Das lasse sich auch in der Bilanz ablesen: "Mit 171,1 Millionen Euro lag die Summe der Ausleihungen per 31. Dezember um 1,7 Prozent über Vorjahresniveau. Diesem positiven Effekt für die Einlagenseite standen höhere Abflüsse aufgrund der hohen Investitionsbereitschaft unserer Kunden entgegen." Per Saldo führte dies zum Zuwachs der Gesamteinlagen von 3,0 Prozent. Das Kundengesamtvolumen 2014 stelle zufrieden: "In allen Bereichen hat die Bank ihren Wachstumskurs fortgesetzt!"

Volumen gesteigert

Mit einer "tollen Mannschaftsleistung" sei es gelungen, das Volumen um 4,3 Prozent auf 653 Millionen Euro zu steigern. Der Überschuss der Zinsspanne habe sich dagegen von 2,17 Prozent auf 2,15 Prozent verringert. Mit den Gesamtkosten für das Jahr 2014 sei das Niveau des Vorjahres sogar leicht unterschritten worden. Renner nannte einige Zahlen aus dem Jahresabschluss:

Bilanzsumme 360,5 Mio. Euro

Betriebsergebnis 574 559 Euro

Dividende 3,5 % 182 000 Euro

gezahlte Steuern 816 000 Euro

Investitionen vor Ort 200 000 Euro

Teilhaber zum 31.12.2014 8193

Gesamteinlagen 279,7 Mio. Euro.

Die gesetzliche Prüfung des Jahresabschlusses ergab keinerlei Beanstandungen, einstimmige Entlastungen folgten. Für die Raiffeisen-Lagerhaus Amberg-Sulzbach GmbH legte Prokurist Hans Pilhofer zufriedenstellende Zahlen vor. Der Gesamtumsatz lag hier bei 32,3 Millionen Euro.
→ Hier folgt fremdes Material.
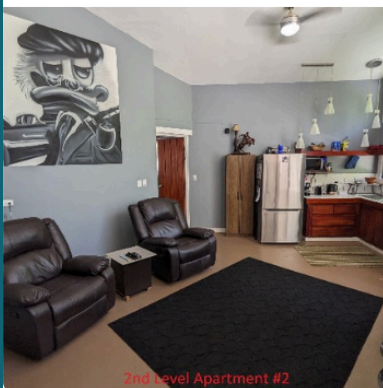
2nd Level Apartment #2
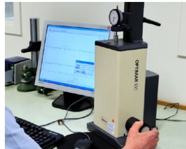
Tester for dial indicators.

Height gauges and profile projectors are often calibrated in the field and this is usually done in the context of the calibration of the surface plates.
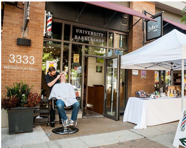
University Barbershop & Kabro Salon
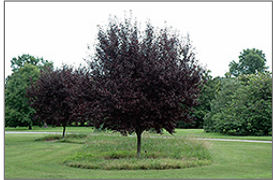
Krauter Vesuvius Plum

This tree should only be grown in full sunlight. It does best in average to evenly moist conditions, but will not tolerate standing water. It is not particular as to soil type or pH. It is highly tolerant of urban pollution and will even thrive in inner city environments. This is a selected variety of a species not originally from North America.
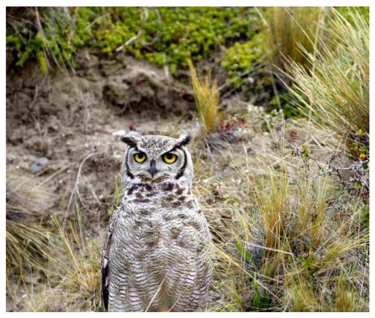
Lesser Horned Owl

EXTRA ARRANGEMENTS: Should you wish to make arrangements to arrive early or extend your stay, please contact the VENT office at least two months prior to your departure date. We can very easily make hotel arrangements and often at our group rate, if we receive your request with enough advance time.
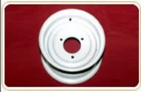
GC- 1000 Wheel Rim
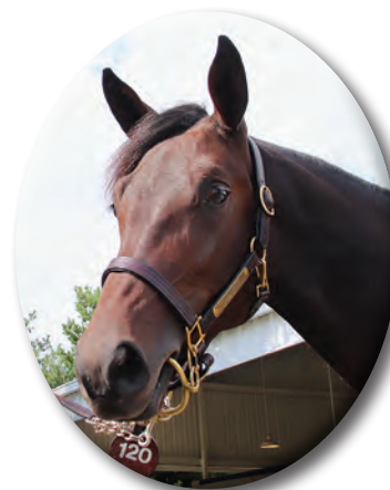
Hip# 120 • Regal Seven CHAPTER SEVEN colt, first foal from CATCHING KATIE 3,1:55f ($186,735).
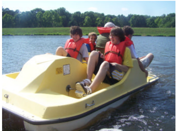
Youth enjoying the paddle boats at Bond Park

Youth celebrated the end of the school year with boating & a cookout at Bond Park in Cary. Canoes, paddle boats and sailboats carried everyone across the lake, frisbees flew through the air, and marshmallows roasted over the fire. It was a fun afternoon for youth and parents after a very busy year of serving, studying and praying together.
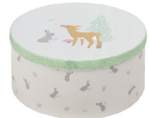
Drum EF22008 Size:15*15*7cm
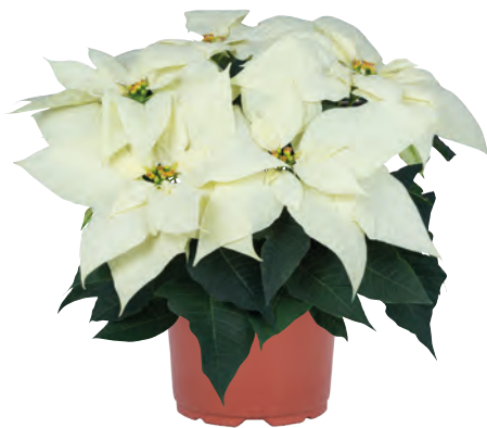
Moni 11094 8 weeks
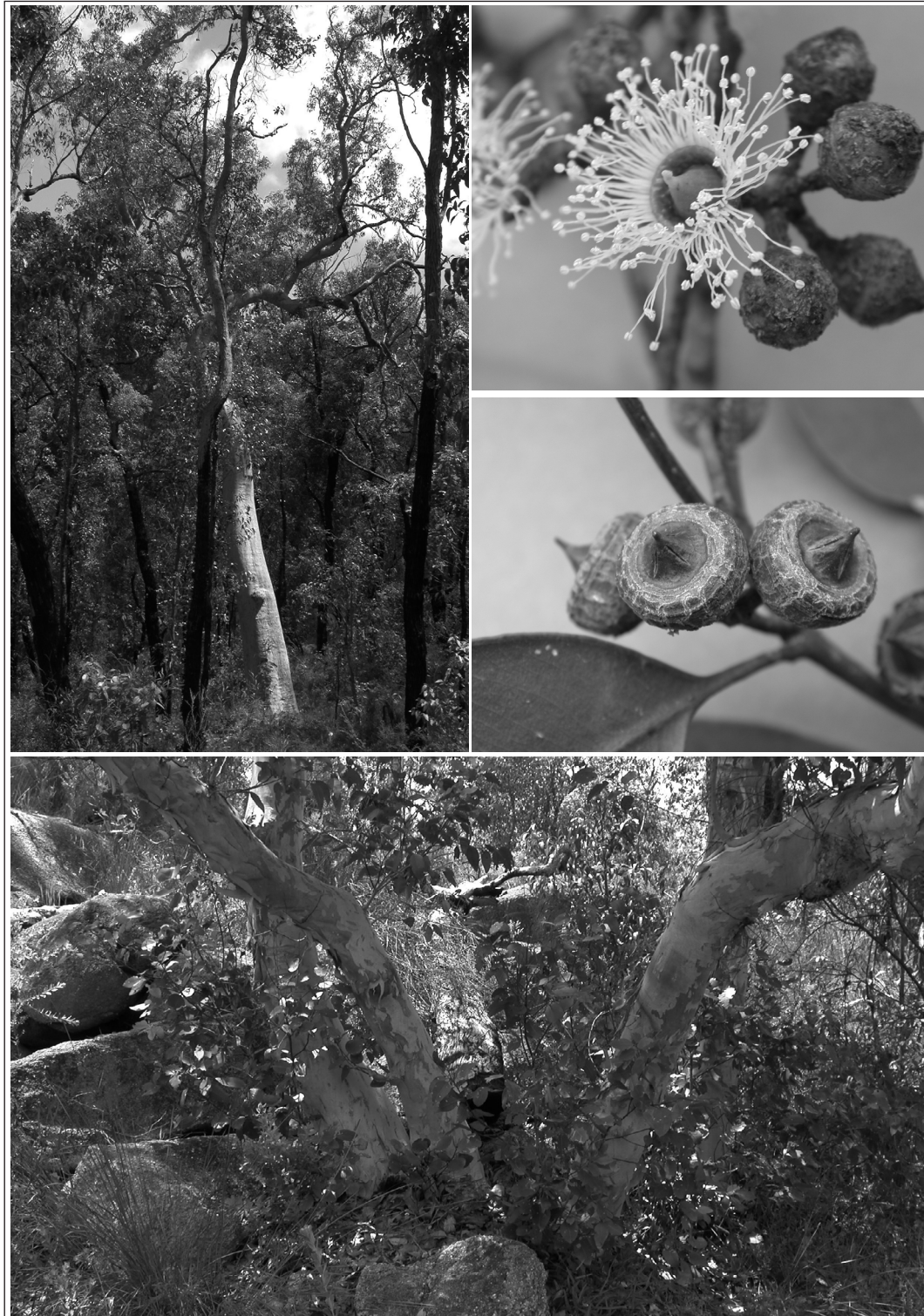
Figure 1. Eucalyptus virginea at the type location (Wardell-Johnson s.n.): (A) largest tree known, 22m tall and 87 cm d.b.h.; (B) buds and flower; (C) fruits; (D) trunks and bark of a resprouting individual in amongst granite boulders.
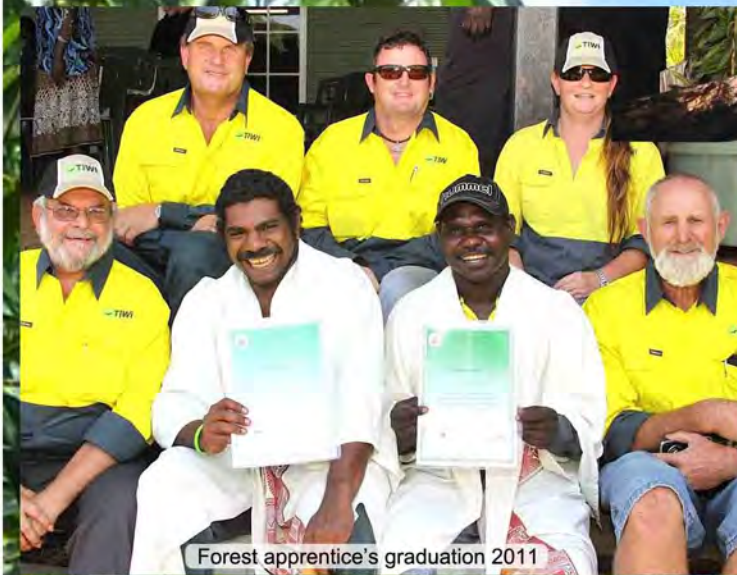
Forest apprentice's graduation 2011
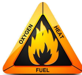
Figure 2. The Fire Triangle

Without one of the three components of the fire triangle, a fire is not sustainable, and the reaction will terminate. This is the foundation of all fire-fighting concepts and procedures.
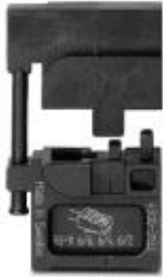
Die, for Crimpfox-M, for unshielded RJ11 connectors, packed in a serial storage box

Please be informed that the data shown in this PDF Document is generated from our Online Catalog. Please find the complete data in the user's documentation. Our General Terms of Use for Downloads are valid ( http://phoenixcontact.com/download )
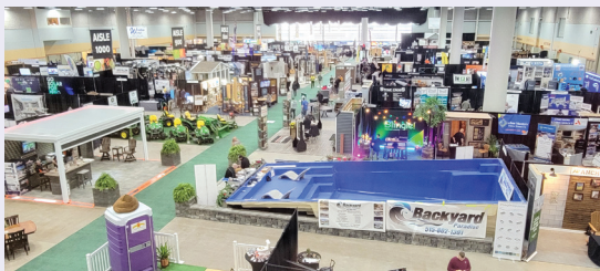
Des Moines Home and Garden Show
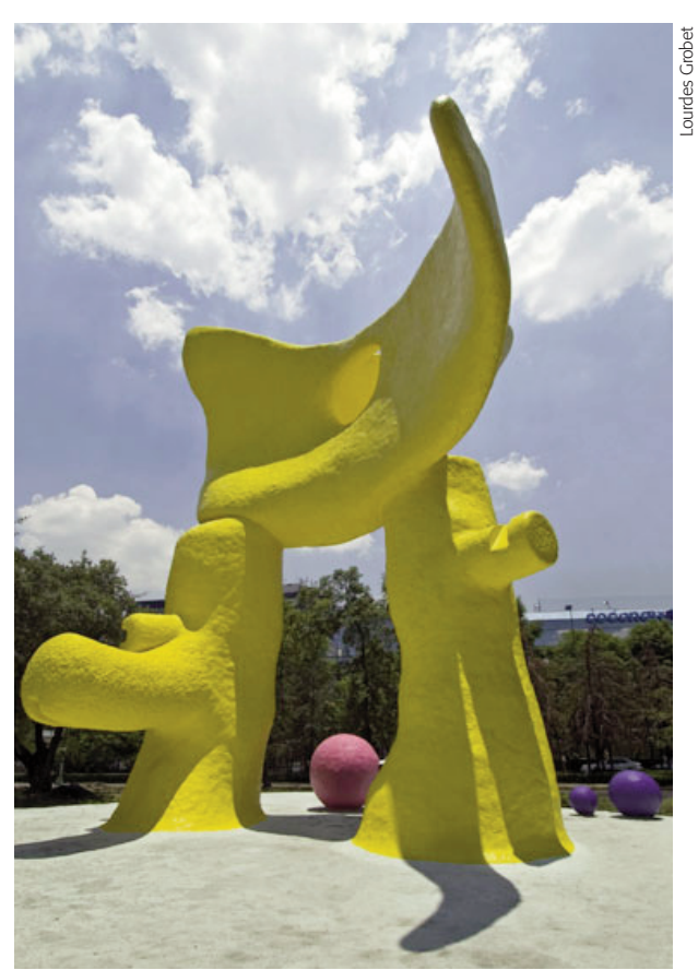
Pierre Székely, France-Hungary, Two-footed Sun (station 5).

THE CHANGE FROM THE SCULPTURAL PARK TO A ROUTE ALONG A FREEWAY MEANT THAT AT LEAST HALF THE ARTISTS PROJECTED THEIR SCULPTURES FOR A VENUE VERY DIFFERENT FROM THE ONE THEY FINALLY ENDED UP WITH.
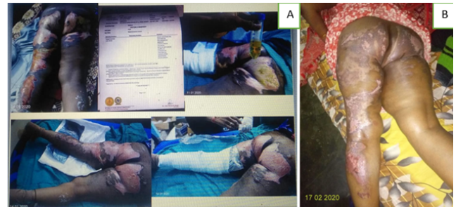
Fig. 10: Bacteriophage Pt. number 3- A on bacteriophage treatment; B Healed burn wound.

to antibiotics. Biofilms contribute to chronic infection. They are made of gelatinous proteinaceous material in which bacteria are entangled and protected from being penetrated by antibiotics. So they are difficult to eradicate with topical and systemic antibiotics. 1-3
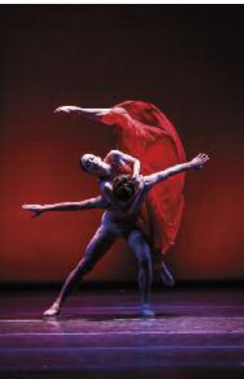
LEFT: Sarasota Cuban Ballet, courtesy of Soho Images.
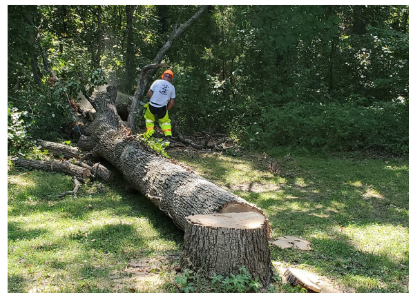
Jeff Clark clearing dead trees near Delaware Cabin.
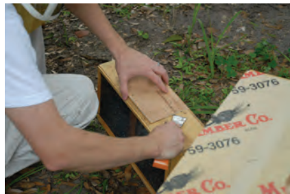
Figure 6. Removing the lid of a package using a hive tool.

Step 6 – Remove the wooden lid from the top of the package using a hive tool (Figure 6). Bees cannot escape the package with the lid removed since the feeder blocks the opening.
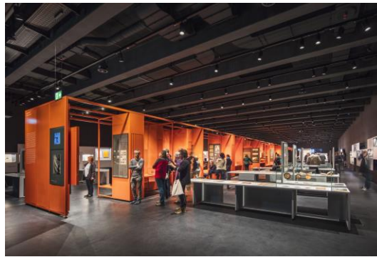
Image 2 + 3: The ARCOS spotlight system provides accented, precise and authentic staging of the exhibits and exhibition architecture.
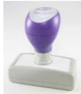
DF3267 - 28 x 63mm
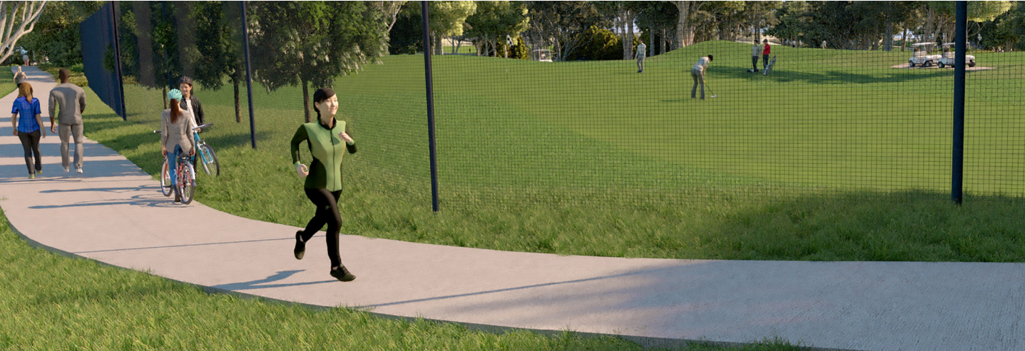
Artist impression of new shared path around Cammeray golf course.
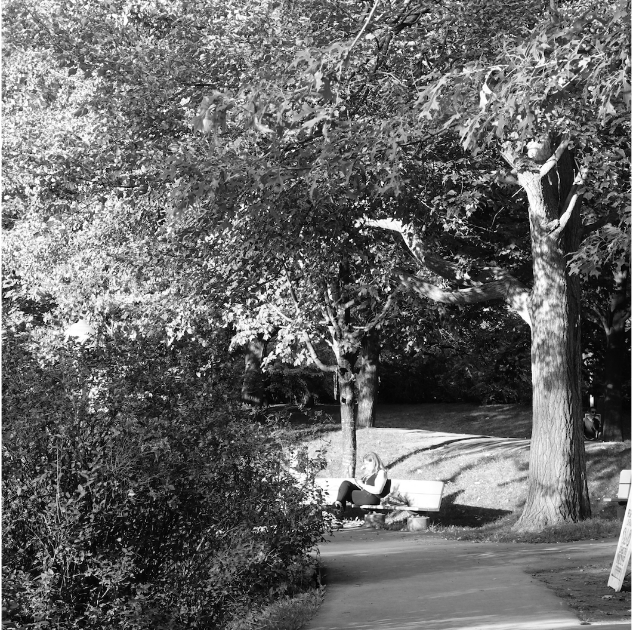
alone at the bend in the walkway
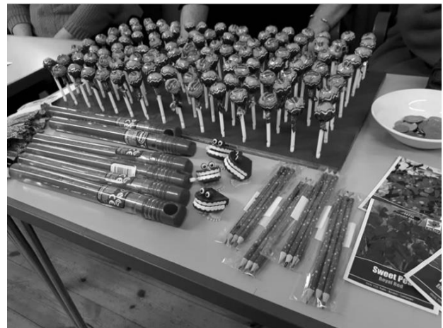
(ii) lollipop tombola
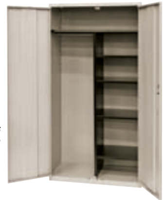
FB036 Combination Type
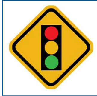
Traffic lights ahead
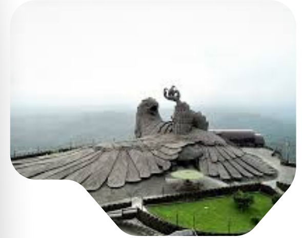
Jatayu Earth's Center
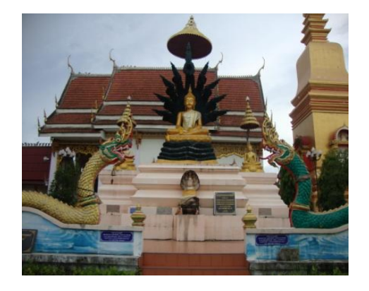
Figure 3.1.1- 7 Naga image with 7 snake heads cover Buddha in Wat Luang temple

One of the notable Nagas of Buddhist traditions is Mucalinda, who is the protector of the Lord Buddha. In the Vinaya Sutra (I, 3) the Buddha shortly after his enlightenment was meditating in a forest when a large storm happened. To comfort the Lord Buddha, a liberal Naga, King Mucalinda gave the shelter to the Lord Buddha by covering his head with his 7 snake heads. The Naga is also believed to be a rainbow or bridge that connect human to heaven realm.
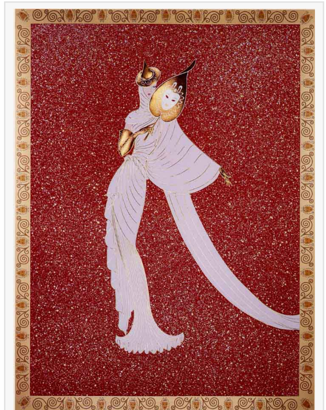
Erté, Tangra (Red) 1989, hand-signed serigraph
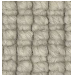
510 Ocean Sand
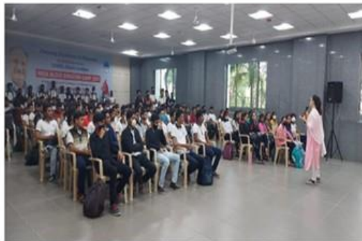
Glimpses of the Seminar on "German Language" organized on 8 Dec. 2021

Oberrevisor Michael Kippes vom Genossenschaftsverband leitete die Neuwahlen zum Aufsichtsrat, bei denen Vorsitzender Dieter Heldrich und Norbert Riha wieder ins Gremium entsandt wurden. Stellvertretende Landrätin Brigitte Bachmann und Bürgermeister Michael Göth würdigten die "Bank in Ihrer Nähe".